* What you will do
Your answer must be the full listing, reproduced exactly, minus any pictures.

* Data shown
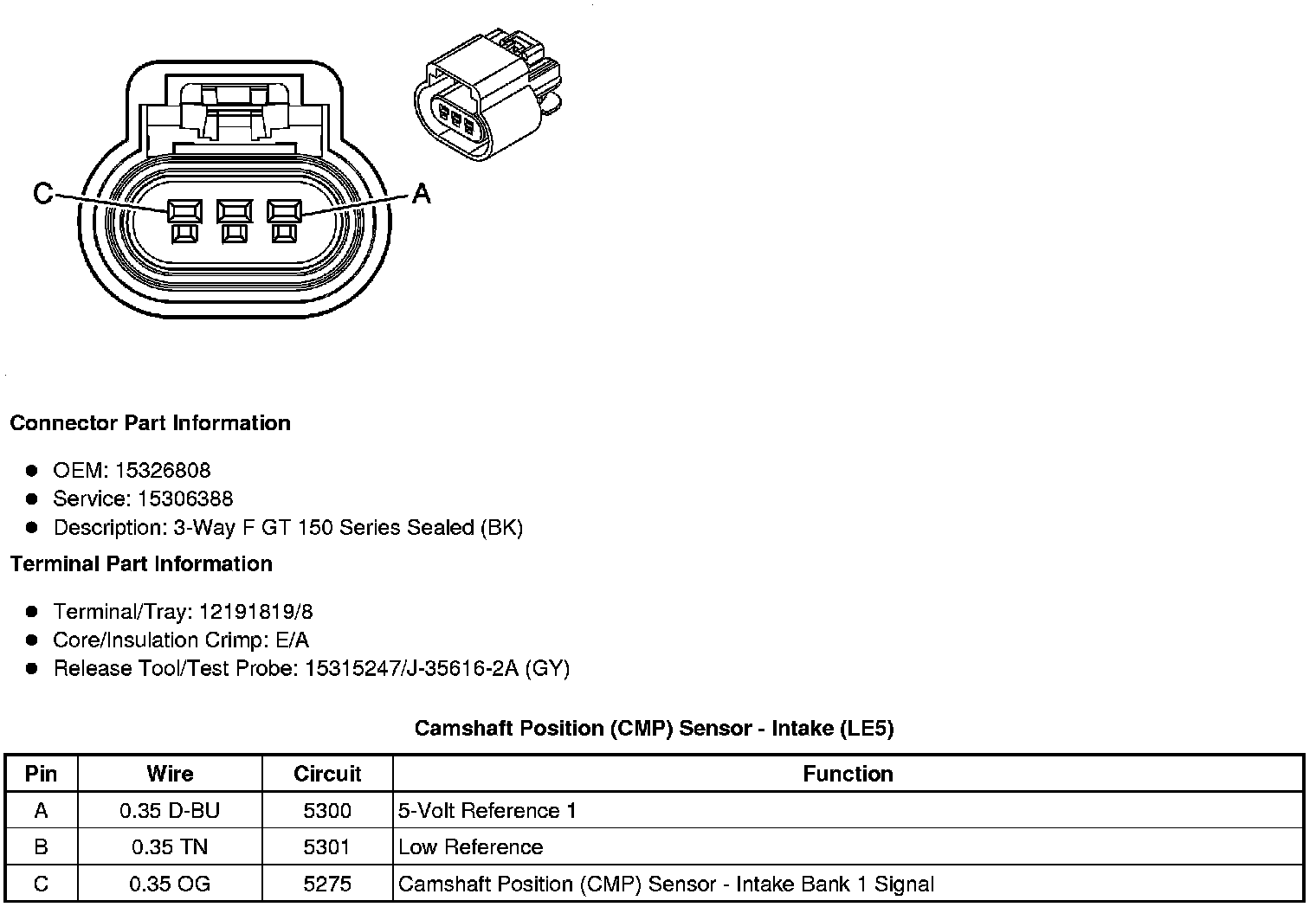 Camshaft Position (CMP) Sensor - Intake (LE5 or LE9)
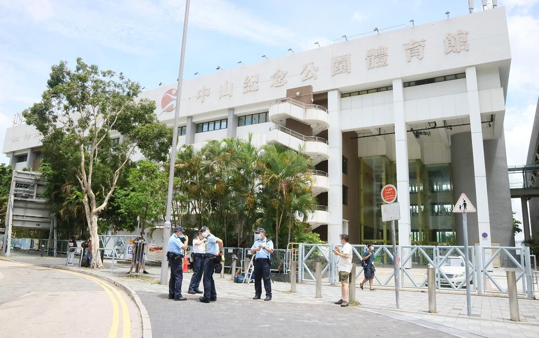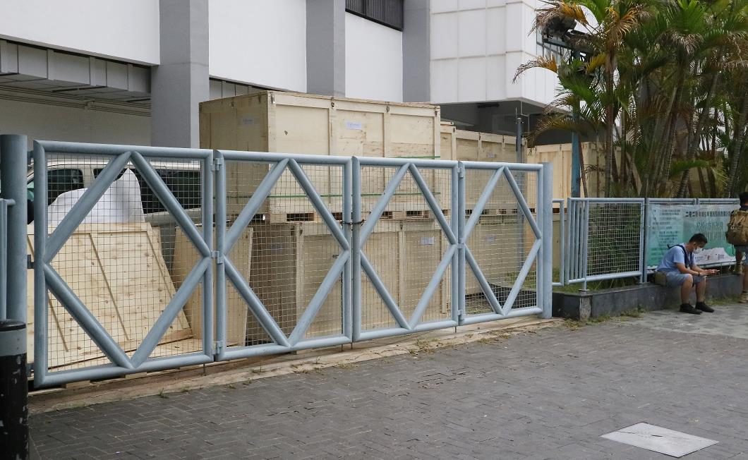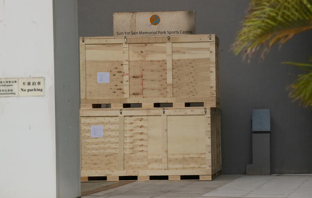 【香港商報網訊】香港新冠肺炎疫情嚴峻,有消息指政府計劃挑選度假營及大型體育館改建成社區治療設施。有媒體昨晚(6日)發現一輛掛有「華大基因火眼實驗室援港物資」橫額的貨車,駛入西環中山紀念公園體育館,並卸下最少14箱貨物,部分木箱貼有紙條,寫有包括「微電腦連鎖傳遞窗」、「氣膜帳篷」、「光交互智能前門」及配件等,多名內地人員,警方亦在場。今早(7日)警方在中山紀念公園體育館內外駐守。(馮瀚文攝)
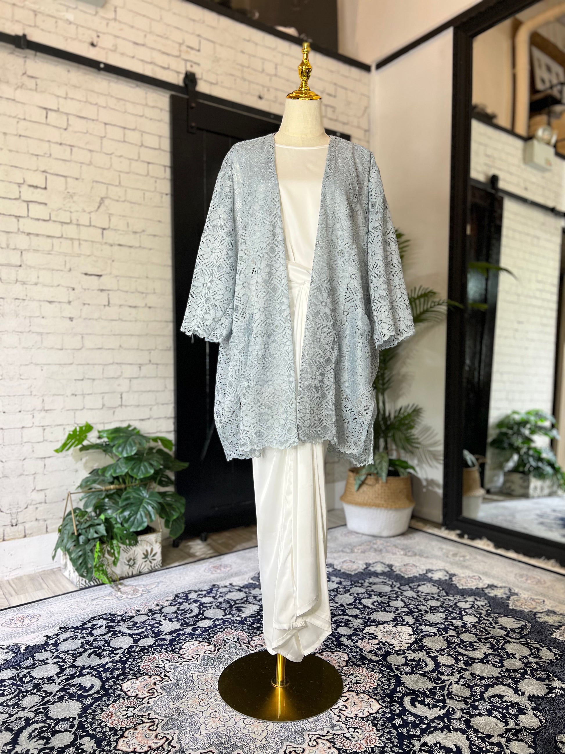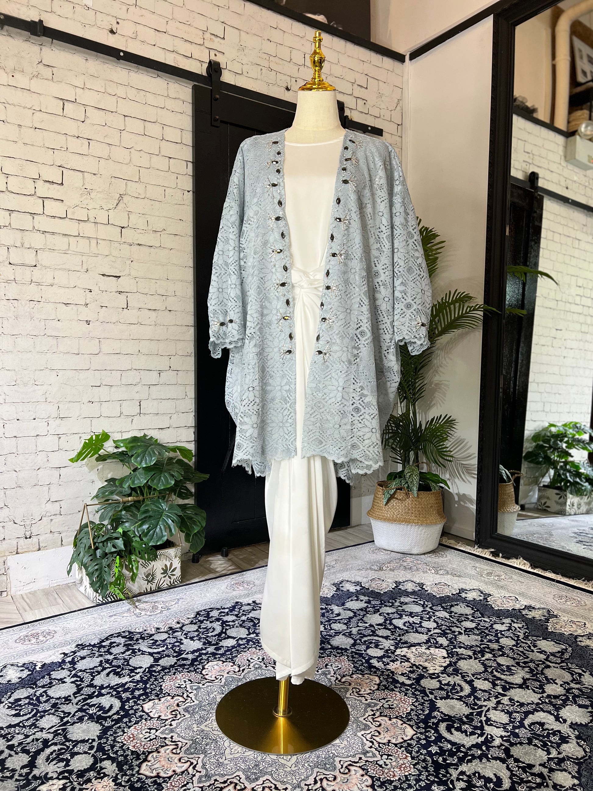 Make a statement with the Lavender Crocheted Lace Cardigan from FM by Fatimah Mohsin. This signature cardigan features delicate cotton lace fabric, making it both modest and stylish. It's the perfect addition to any wardrobe.
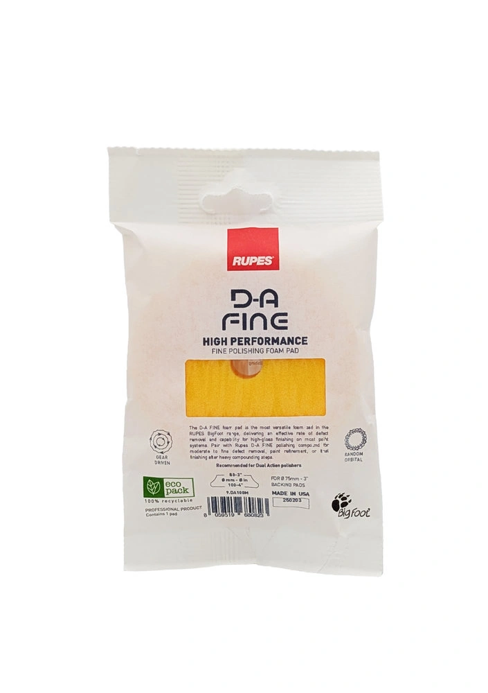 The DA FINE foam pad is the most versatile foam pad in the RUPES BigFoot range, delivering an effective rate of defect removal and capability for high-gloss finishing on most paint systems. Pair with RUPES DA-FINE polishing compound for moderate to fine defect removal, paint refinement, or final finishing after heavy compounding steps.
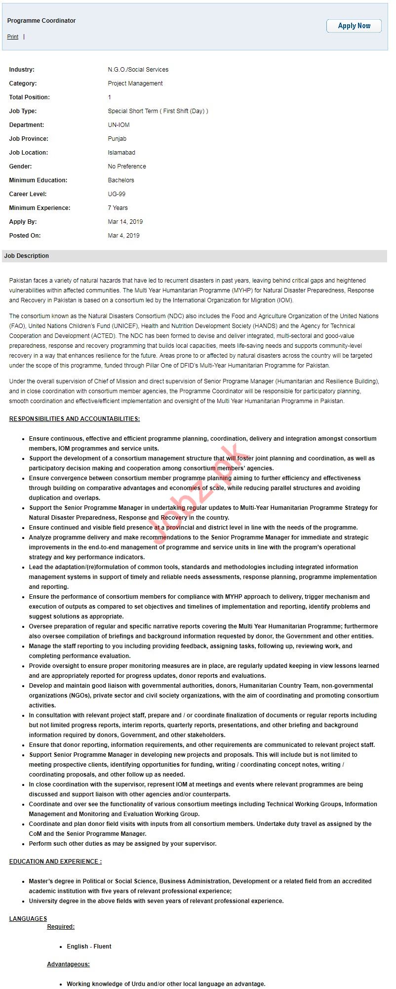 Vacancies in International Organization for Migration IOM Advertisement March 2019
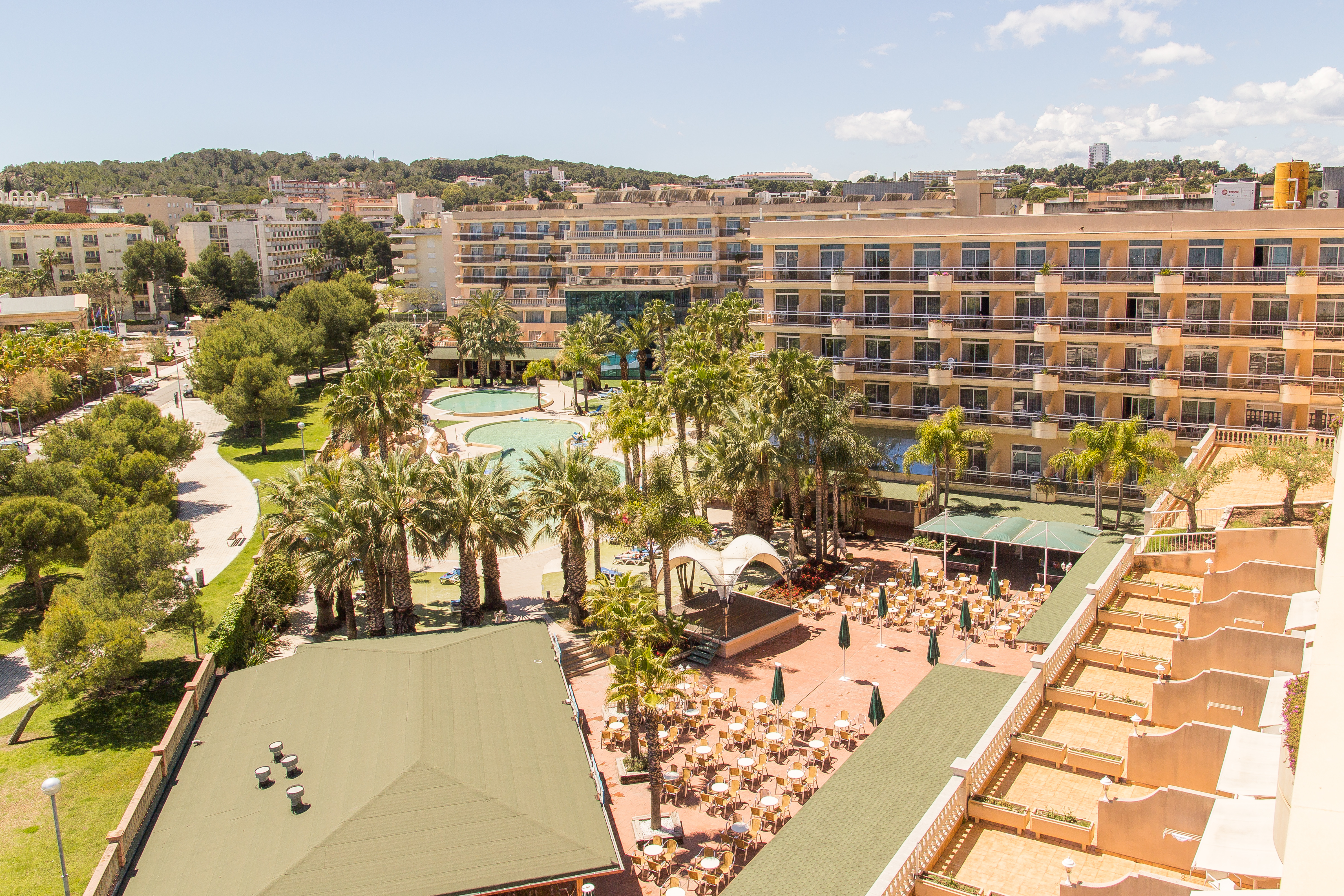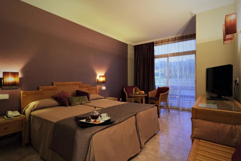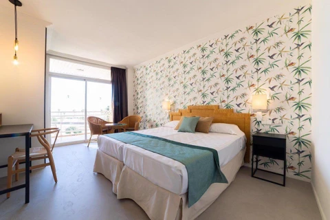 De standaardkamers van het Palas Pineda Hotel zijn perfect om te ontspannen aan zee: slaapkamer met twee eenpersoonsbedden van 90 cm, lcd-tv, telefoon, kledingkast, kluis, badkamer met haardroger, koelkast, terras en 1 of 2 extra bedden.

* Finished exercise
 Camshaft Position (CMP) Sensor - Intake (LE5 or LE9)
 【香港商報網訊】香港新冠肺炎疫情嚴峻,有消息指政府計劃挑選度假營及大型體育館改建成社區治療設施。有媒體昨晚(6日)發現一輛掛有「華大基因火眼實驗室援港物資」橫額的貨車,駛入西環中山紀念公園體育館,並卸下最少14箱貨物,部分木箱貼有紙條,寫有包括「微電腦連鎖傳遞窗」、「氣膜帳篷」、「光交互智能前門」及配件等,多名內地人員,警方亦在場。今早(7日)警方在中山紀念公園體育館內外駐守。(馮瀚文攝)
 Make a statement with the Lavender Crocheted Lace Cardigan from FM by Fatimah Mohsin. This signature cardigan features delicate cotton lace fabric, making it both modest and stylish. It's the perfect addition to any wardrobe.
 The DA FINE foam pad is the most versatile foam pad in the RUPES BigFoot range, delivering an effective rate of defect removal and capability for high-gloss finishing on most paint systems. Pair with RUPES DA-FINE polishing compound for moderate to fine defect removal, paint refinement, or final finishing after heavy compounding steps.
 Vacancies in International Organization for Migration IOM Advertisement March 2019
 De standaardkamers van het Palas Pineda Hotel zijn perfect om te ontspannen aan zee: slaapkamer met twee eenpersoonsbedden van 90 cm, lcd-tv, telefoon, kledingkast, kluis, badkamer met haardroger, koelkast, terras en 1 of 2 extra bedden.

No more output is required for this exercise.